Henrik Nordstrom wrote:
> Actually, as said before I think a storage model can be found that does not 
> penalize small objects, mostly eleminating the need of that ramdisk, instead 
> allowing the ram to be used for proper hot object caching.
> 
> The more I think of these issues, the more appealed I am by my old "multi 
> level cyclic filesystem" idea, which basically is a log log structured file 
> system with metadata optimized for log structures and the voilatility of a 
> cache, and log cleaners at various time intervals of the log. Such a system 
> can be made to operate close to the I/O bandwidth of modern drives. Certainly 
> so for writes, and with some intelligent data ordering and prefetching reads 
> can also be improved a lot. Maybe not in Polygraph testing, but quite 
> likely in real life.. not sure how realistic model for locality of reference 
> Polymix-4 represents.
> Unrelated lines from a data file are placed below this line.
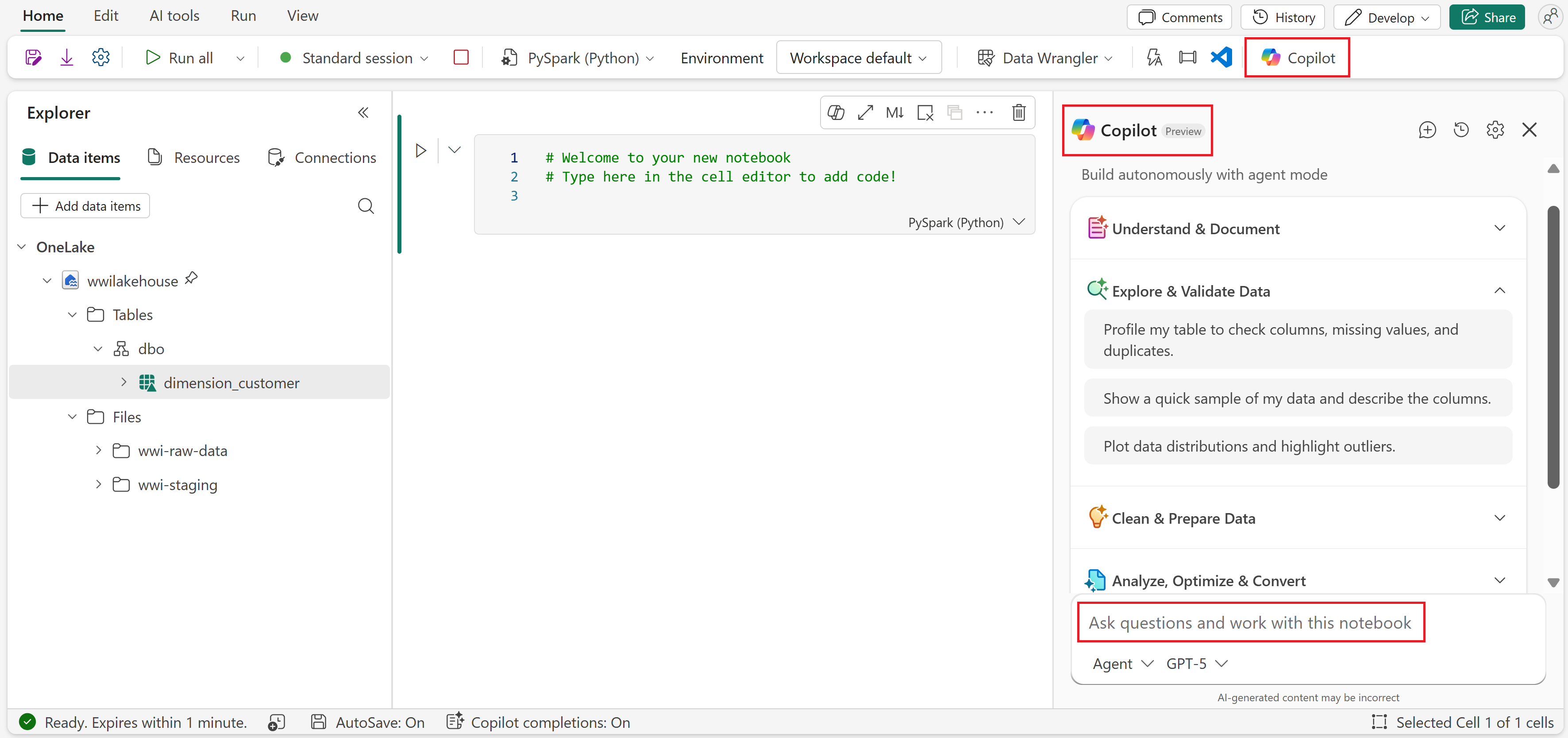 Wenn Sie ein Notizbuch öffnen, Copilot verwendet automatisch Notizbuchkontext wie Ihren Arbeitsbereich, angefügtes Lakehouse, verfügbare Schemas, Tabellen und Dateien, vorhandenen Notizbuchcode und Laufzeit.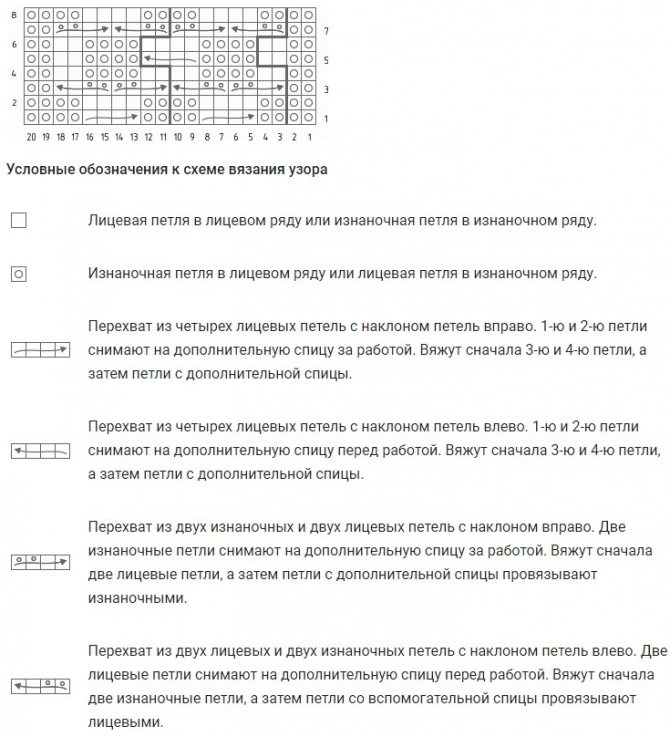 Важно! Схема показывает только лицевые ряды, изнаночные вяжем и. п.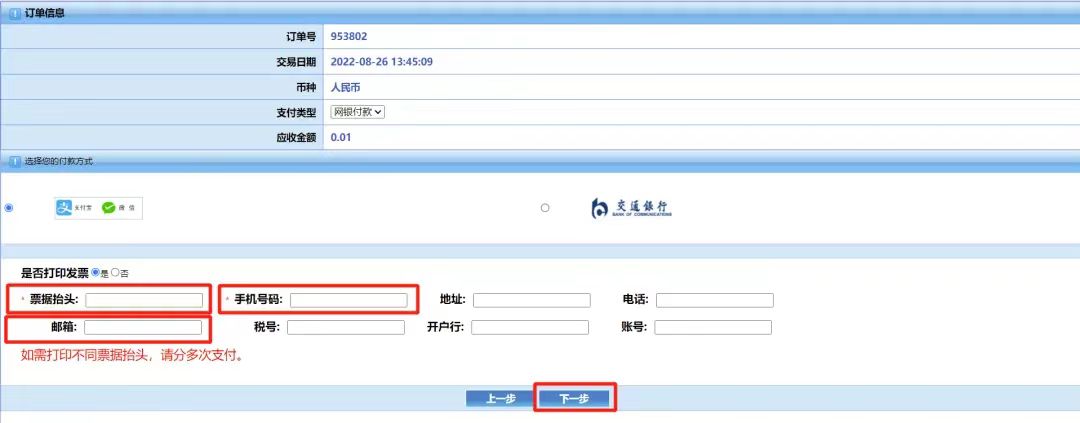 (3)缴费完成后1-2个工作日内系统会将电子票据推送至学生预留信箱中。

The nature of log cleaning also allows one to use idle 
> time to improve hit rate and to increase performance during peak usage.
Let me see if I get what you're pointing at by the term 'log structured':
The log stores the meta-data and object location in a fixed position on 
disk (pre-allocated large enough for the full cache_dir).
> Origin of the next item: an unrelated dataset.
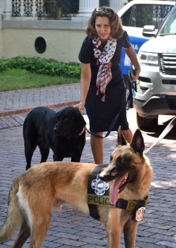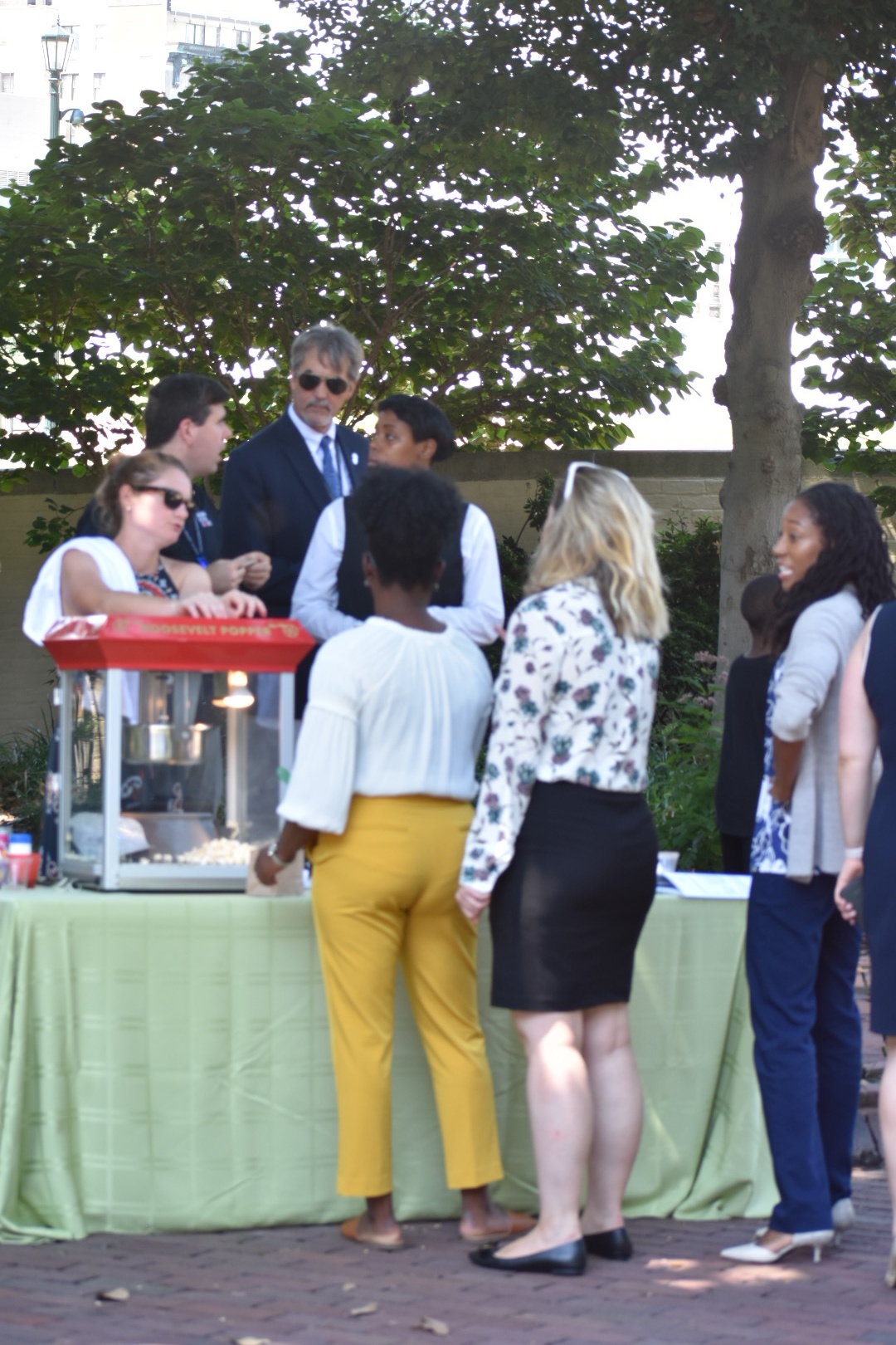 The Virginia Capitol Police held a National Night Out event at lunchtime, thanks to the generosity of Gov. Ralph S. Northam, First Lady Pamela Northam and the staff at the Executive Mansion. Visitors got to munch on popcorn, learn about crime prevention and meet some of the division's officers and K-9s.

Object blocks are pre striped onto the RAW disk (possibly allocated and 
used in bigger than FS block-size stripes), or simply 'imagined' on the 
disk by the Squid log system if we are still sitting atop a traditional UFS.
The writer threads order object writes to fill in expired spots on the 
disk near where the reader threads are going to be acting next.
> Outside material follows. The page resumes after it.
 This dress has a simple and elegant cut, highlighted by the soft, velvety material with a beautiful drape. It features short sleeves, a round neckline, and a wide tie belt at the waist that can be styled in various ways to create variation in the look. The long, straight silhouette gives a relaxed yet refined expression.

Possibly a separate logging thread is notified of the completion of the 
object write when the write thread returns, so that it can be added to 
the log.
If there is currently no 'easy' way to write the object the writer 
thread buffers it, or drops it based on write buffer pressure at the 
time and potentially other object characteristics (perhaps shorter 
expires time, or current popularity while it's in the mem cache).  This 
would happen if the reads are saturating the disk bandwidth, or if there 
is no read 'near' the spot we want to put the new object in.
Am I about right, or are you envisioning a more traditional logged FS 
that logs data alongside metadata into the log area in big chunks, which 
can then be written out to the normal disk area as read movement allows? 
   I lean towards the former...but I expect both would be effective.
Anyway, pretty cool.  To be honest, though, at this point I think the 
CPU usage problem is one of the biggest that Squid faces.  When we can 
get 80-100 reqs/sec from a single IDE disk (dependent on workload), and 
only 130 from two, and only 150 from three or four or five--even though 
they each have a dedicated bus...the law of diminishing returns is 
getting pretty ugly and it really hurts scalability.  Of course, CPU 
could be saved somewhat by reducing disk overhead.
> With the COSS approach and segment based space recycling one can acheive 
> similar results (not too unexpected as the basic ideas is the same), or 
> perhaps even slightly better from a I/O perspective as there is less meta 
> data, but at a higher penalty in memory usage and hit rate. The beauty of 
> coss is simplicity as it mainly needs to care about data, not metadata. 
> In-memory metadata is wastly simpler to deal with than any on-disk 
> equivalence.
True.  I like the idea of COSS for a lot of reasons...And I'm doubtful 
that any more traditional FS type could do better for small objects. 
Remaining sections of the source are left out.